Wednesday, November 18, 2015

Housing, A Series: Part 86 - Regional Inequality: The regime shift in American progress.

The subtitle of this article from the Washington Monthly (HT: EV) was so enticing: "Regional inequality is out of control. Here’s how to reverse it."  I first went to see if they would have any data on housing's role.  Soon, I realized I would have to read the whole thing only to confirm that they never mentioned housing.  They didn't.

They have properly identified the problem.  The author even recognizes the reversal of migration flows that now has households moving away from high income cities.  But, I will just say that the repeal of the Civil Aeronautics Board, the ICC's deregulation of interstate trucking routes, and the toleration of branch banking loom large in his list of causes.  I'm not kidding.  Click the link if you want more.

But, I mention the article because of this graph.  They truncated this graph to before 1980, when the convergence stopped.  This is out of BEA table SA1.  The regional inequality doesn't diverge again after the 1970's, so in all of the author's comparisons about recent rising regional income inequality, he compares cities like Houston and Atlanta to Washington, New York City, and San Francisco.

So, I downloaded the data to see how it looks after 1980.  On the regional level, I think we can see how the technological and commercial innovations that made the world a figuratively smaller place created a more equitable world.  (Or maybe it was the ICC, or 70% tax brackets.)  We are basically seeing the same phenomenon now, globally.

The regional inequality we have seen since then has been specific to cities.  But, on the scale of the metropolitan area, the added gross income for the highest income cities frequently goes to housing expenses.  I think much of the topic of the regime shift in income inequality before and after the 1970's relates to these factors.  Free economies naturally tend to produce convergence, and this was the case regionally until that convergence had generally played out.  Possibly, some divergence on the individual or household scale also tends to grow with economic expansion, and this was mitigated by those regional convergences until the 1970's.  A new phenomenon that seems to selectively infect cities across the Anglosphere is sharp limits on housing in high income cities.  So a regional phenomenon that reduced aggregate income inequality is largely played out, but a new localized phenomenon has caused aggregate income inequality to rise.

Convergence comes from free flow of capital and labor.  Everyone understands this, at least implicitly - this realization is a basis for nativism and protectionism.  When deregulation (unfettered immigration and trade) pulls the top 1% (the average American) down toward the mean, everyone understands how deregulated markets create income convergence.  (edit: This reflects the protectionist argument.  In most cases, I would argue that most or all of the convergence that comes from the flow of capital and labor is due to the mean rising.)

If we want to reduce measured inequality, we need to let labor flow to where it is valuable.  Here is a long term chart of population growth in selected urban counties.  There may have been a time when households were leaving for the suburbs.  But, nobody can argue today that these counties are not growing because nobody cares to move there.  In a way, this graph is a graph of American progress, or the lack of it.  An irony that makes this topic difficult to understand is that the cities that are impeding equitable progress are the cities with the highest gross incomes.

Maybe Bryan Caplan should be applying his open borders project to America's cosmopolitan cities.

4 comments:

  1. http://touch.latimes.com/#section/-1/article/p2p-85076525/

    It just gets worse and worse.
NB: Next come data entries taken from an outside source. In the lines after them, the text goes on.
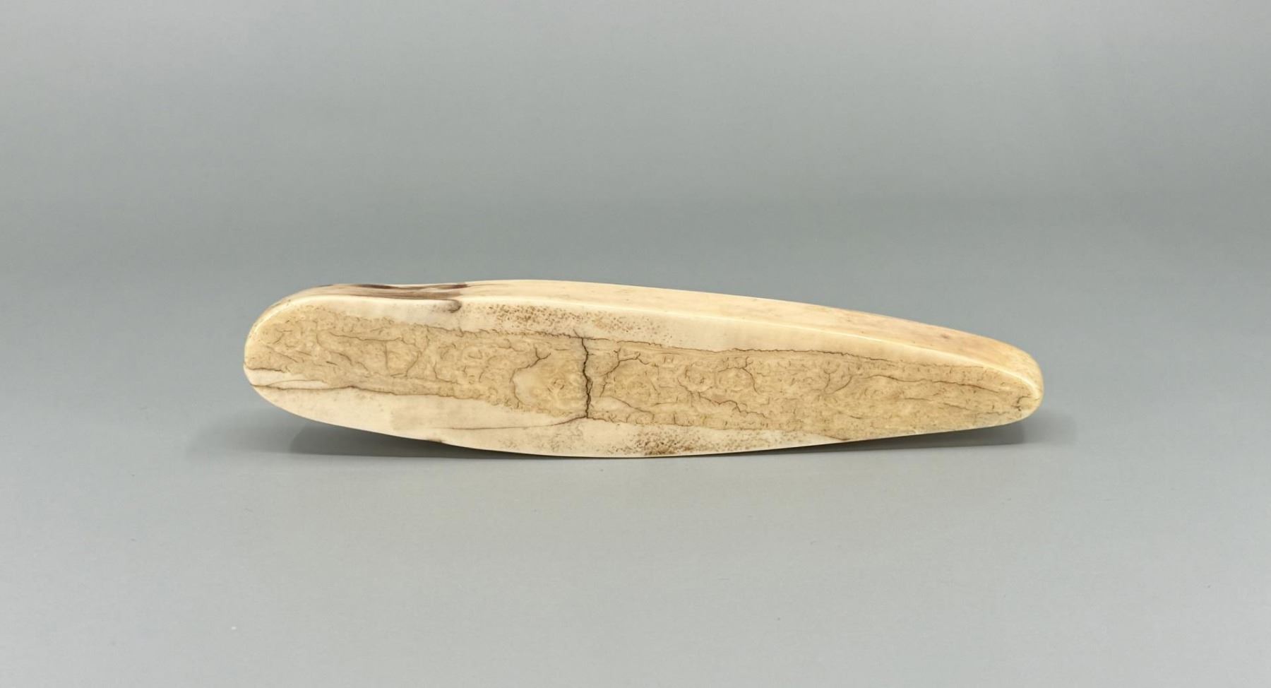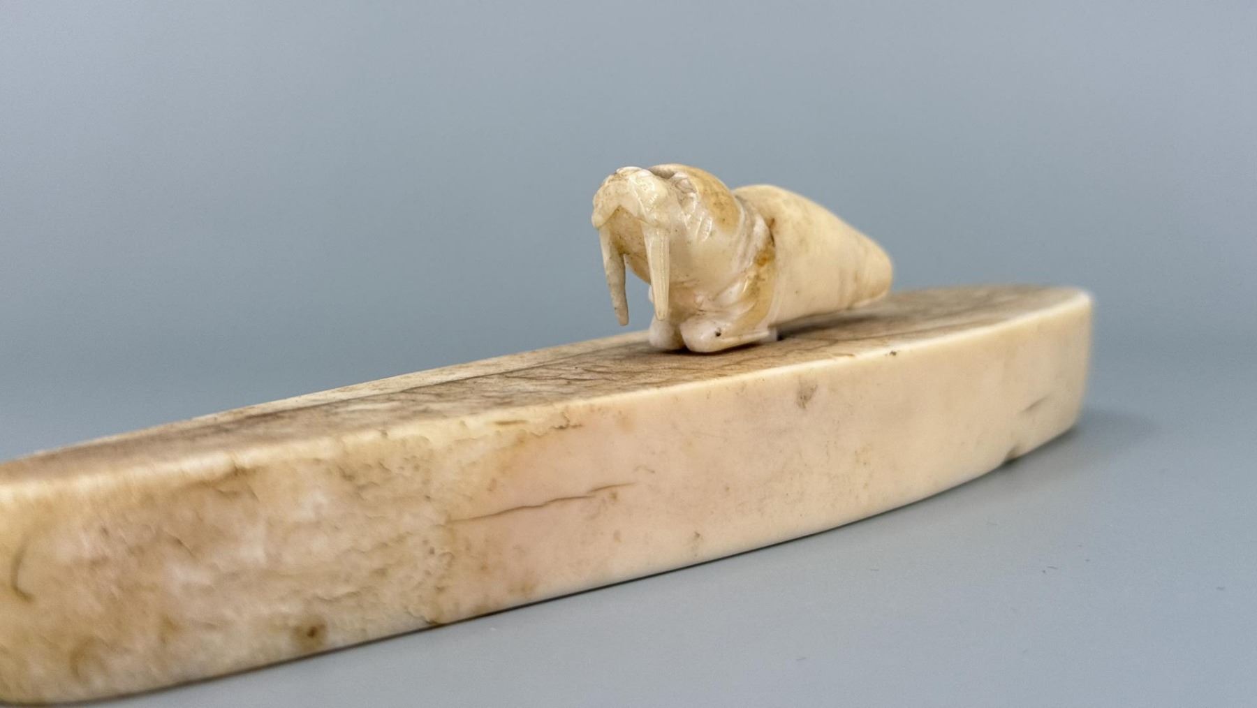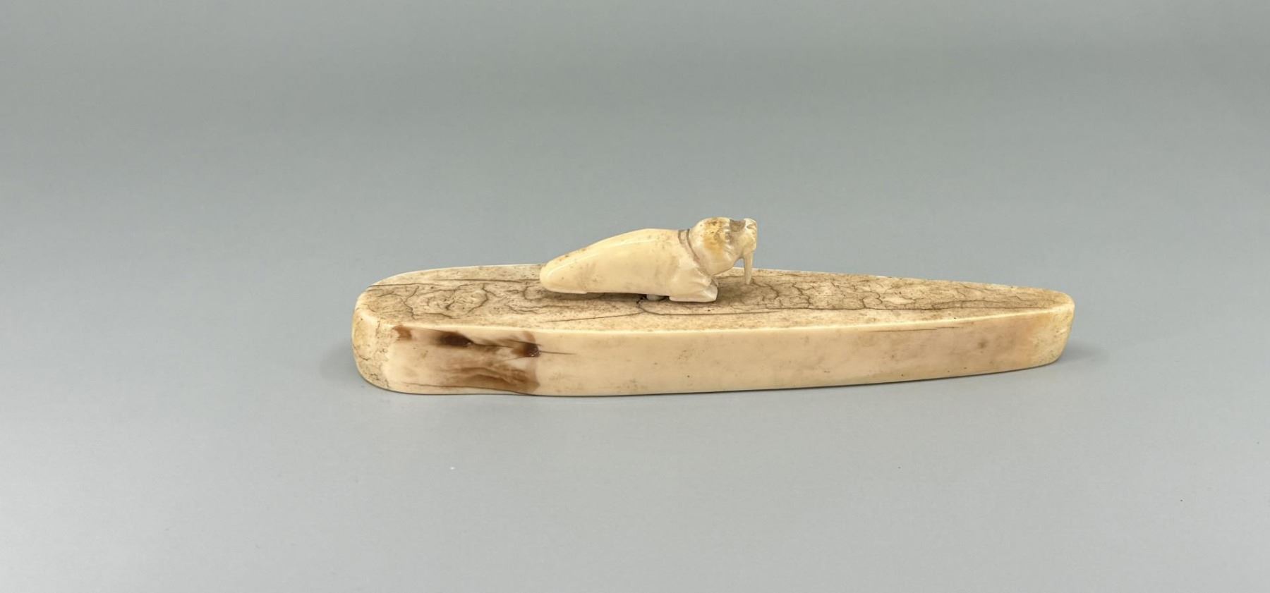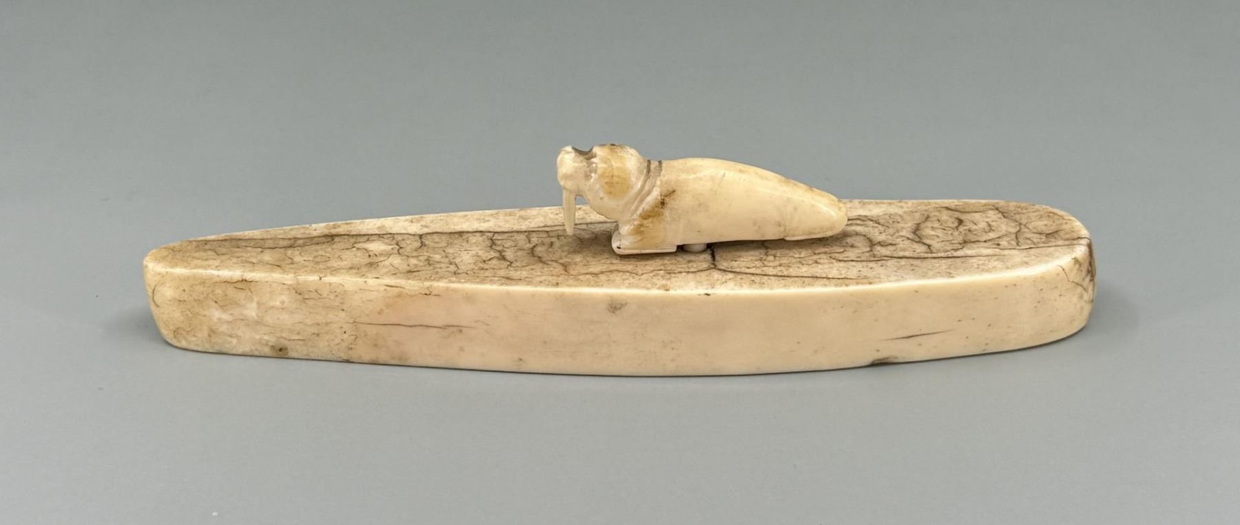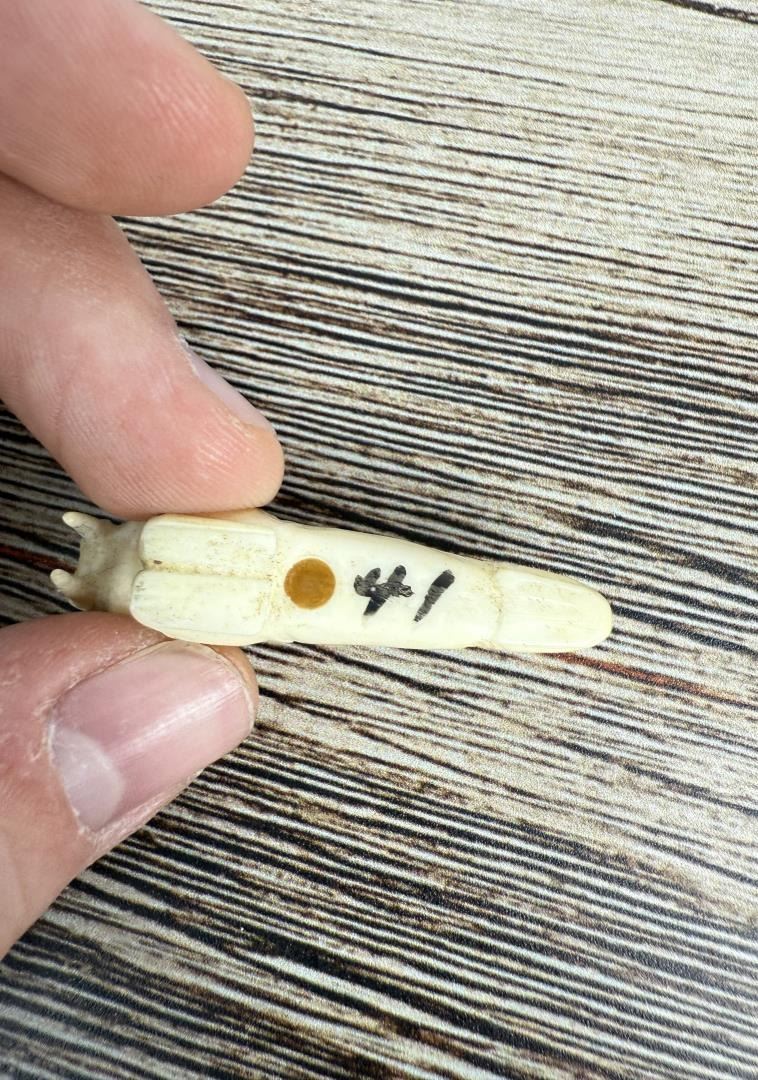 6" by 1 1/4" by 1 1/4". Carved walrus material. Native made prior to 1972. This item cannot be shipped to Oregon, California, Hawaii, New York, New Jersey, Internationally, or any other state that prohibits.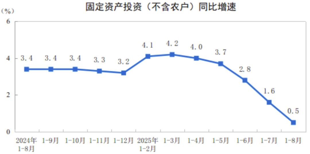 2025年1—8月份,全国固定资产投资(不含农户)326111亿元,同比增长0.5%(按可比口径计算)。其中,民间固定资产投资同比下降2.3%。从环比看,8月份固定资产投资(不含农户)下降0.20%。
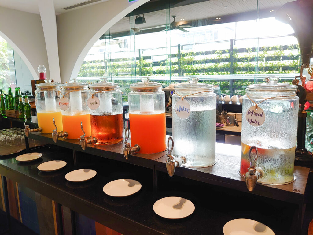 ドリンク類(パイナップル、オレンジ、アップル、野菜ジュース、水、インフューズドウォーター)

See above. A "moratorium on mega-projects" in Los Angeles. What they need is giganto-mega projects, especially for housing.

    So sad...the only intelligent commentary is made by the developers.

    Yet...the people in single-family detached housing districts are no better. Since no projects at all are even proposed for their cities or neighborhoods, they can sit pretty and tsk-tsk. No one even proposes a mega-project in Newport Beach or Santa Barbara as it would be a waste of time.

    Believe me, we could build 60-story condo projects along the water in OC for years and make tons of money. We are not allowed.

    Highest and best use means nothing...in my neighborhood.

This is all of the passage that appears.